Goal of the exercise - Output only the lines below that start at the line containing "如图,超时审批只能够选择固定" and end at the line containing "ツイッター | オレモスキさんのツイッターID『namakemono_kun』 |", with both ends kept.

Supplied records -
━━━━━━

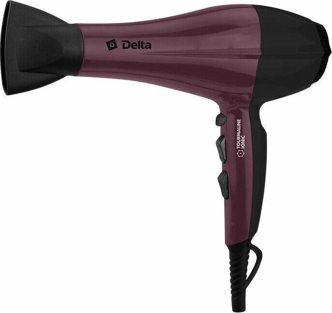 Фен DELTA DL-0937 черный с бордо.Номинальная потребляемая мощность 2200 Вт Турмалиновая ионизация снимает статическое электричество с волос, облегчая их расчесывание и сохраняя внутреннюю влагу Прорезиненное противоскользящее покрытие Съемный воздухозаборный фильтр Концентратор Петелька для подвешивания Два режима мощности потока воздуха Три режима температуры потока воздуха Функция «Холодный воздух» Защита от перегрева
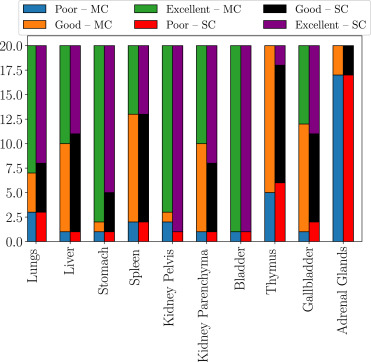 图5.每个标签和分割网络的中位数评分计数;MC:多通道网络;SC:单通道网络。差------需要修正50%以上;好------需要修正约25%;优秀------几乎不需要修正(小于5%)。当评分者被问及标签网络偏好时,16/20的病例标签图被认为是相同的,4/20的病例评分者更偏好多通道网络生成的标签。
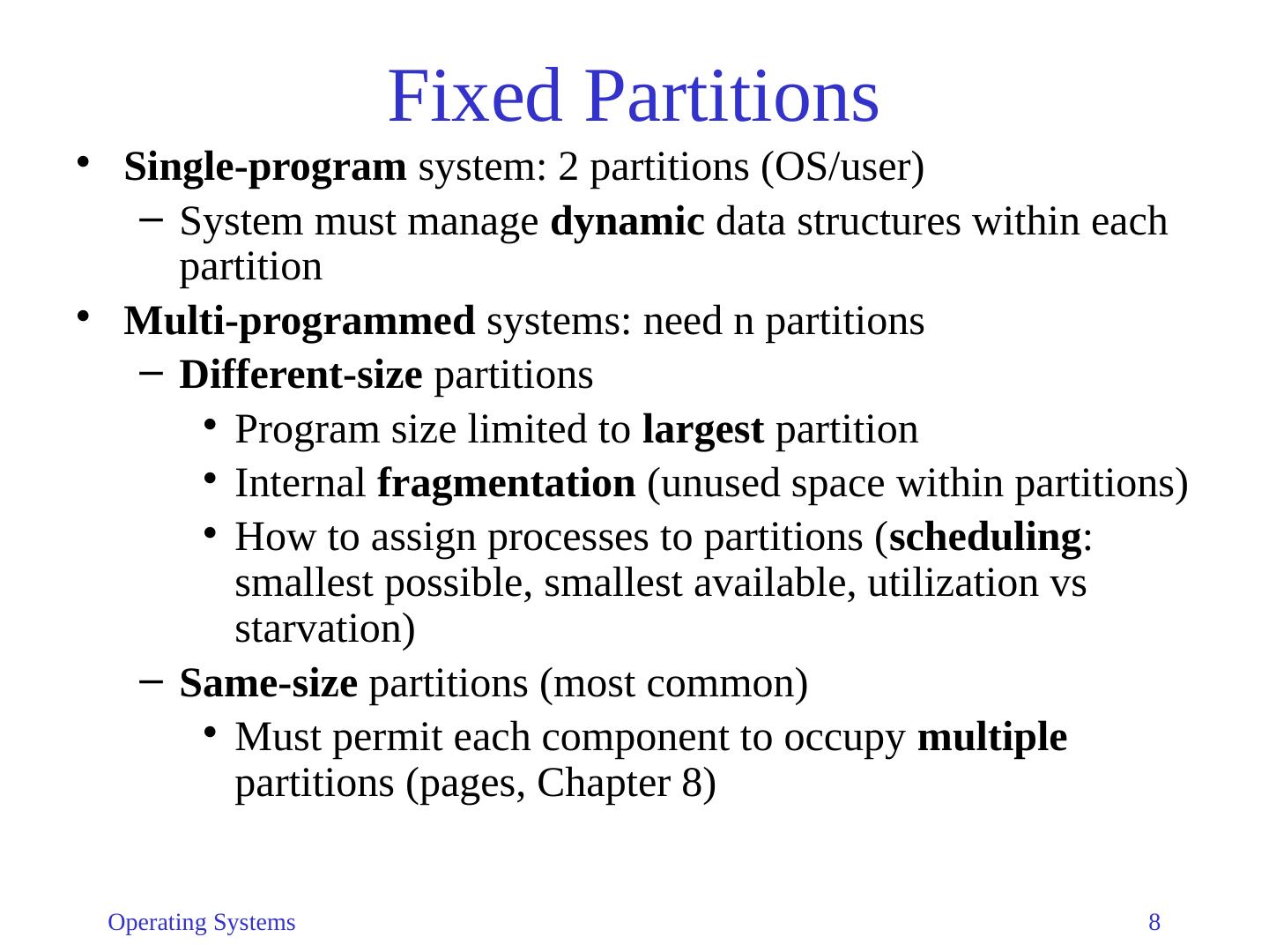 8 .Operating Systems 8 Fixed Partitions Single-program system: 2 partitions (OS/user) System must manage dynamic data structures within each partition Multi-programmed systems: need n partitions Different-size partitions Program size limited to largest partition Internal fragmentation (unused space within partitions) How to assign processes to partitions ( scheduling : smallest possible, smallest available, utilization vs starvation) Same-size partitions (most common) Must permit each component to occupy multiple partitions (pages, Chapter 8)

━━━━━━

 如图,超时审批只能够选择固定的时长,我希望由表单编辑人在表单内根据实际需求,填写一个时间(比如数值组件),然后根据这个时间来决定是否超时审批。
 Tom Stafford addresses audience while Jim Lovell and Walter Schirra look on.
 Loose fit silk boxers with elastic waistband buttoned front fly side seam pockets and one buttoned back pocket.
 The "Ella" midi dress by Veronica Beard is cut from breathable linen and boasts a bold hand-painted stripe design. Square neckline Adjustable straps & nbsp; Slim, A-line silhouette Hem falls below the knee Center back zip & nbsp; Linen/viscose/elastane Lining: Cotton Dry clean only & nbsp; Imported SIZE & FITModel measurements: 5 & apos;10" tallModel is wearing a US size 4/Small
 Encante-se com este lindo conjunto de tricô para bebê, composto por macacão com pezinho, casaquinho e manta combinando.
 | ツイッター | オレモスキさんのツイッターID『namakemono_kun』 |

━━━━━━

Your solution -
 如图,超时审批只能够选择固定的时长,我希望由表单编辑人在表单内根据实际需求,填写一个时间(比如数值组件),然后根据这个时间来决定是否超时审批。
 Tom Stafford addresses audience while Jim Lovell and Walter Schirra look on.
 Loose fit silk boxers with elastic waistband buttoned front fly side seam pockets and one buttoned back pocket.
 The "Ella" midi dress by Veronica Beard is cut from breathable linen and boasts a bold hand-painted stripe design. Square neckline Adjustable straps & nbsp; Slim, A-line silhouette Hem falls below the knee Center back zip & nbsp; Linen/viscose/elastane Lining: Cotton Dry clean only & nbsp; Imported SIZE & FITModel measurements: 5 & apos;10" tallModel is wearing a US size 4/Small
 Encante-se com este lindo conjunto de tricô para bebê, composto por macacão com pezinho, casaquinho e manta combinando.
 | ツイッター | オレモスキさんのツイッターID『namakemono_kun』 |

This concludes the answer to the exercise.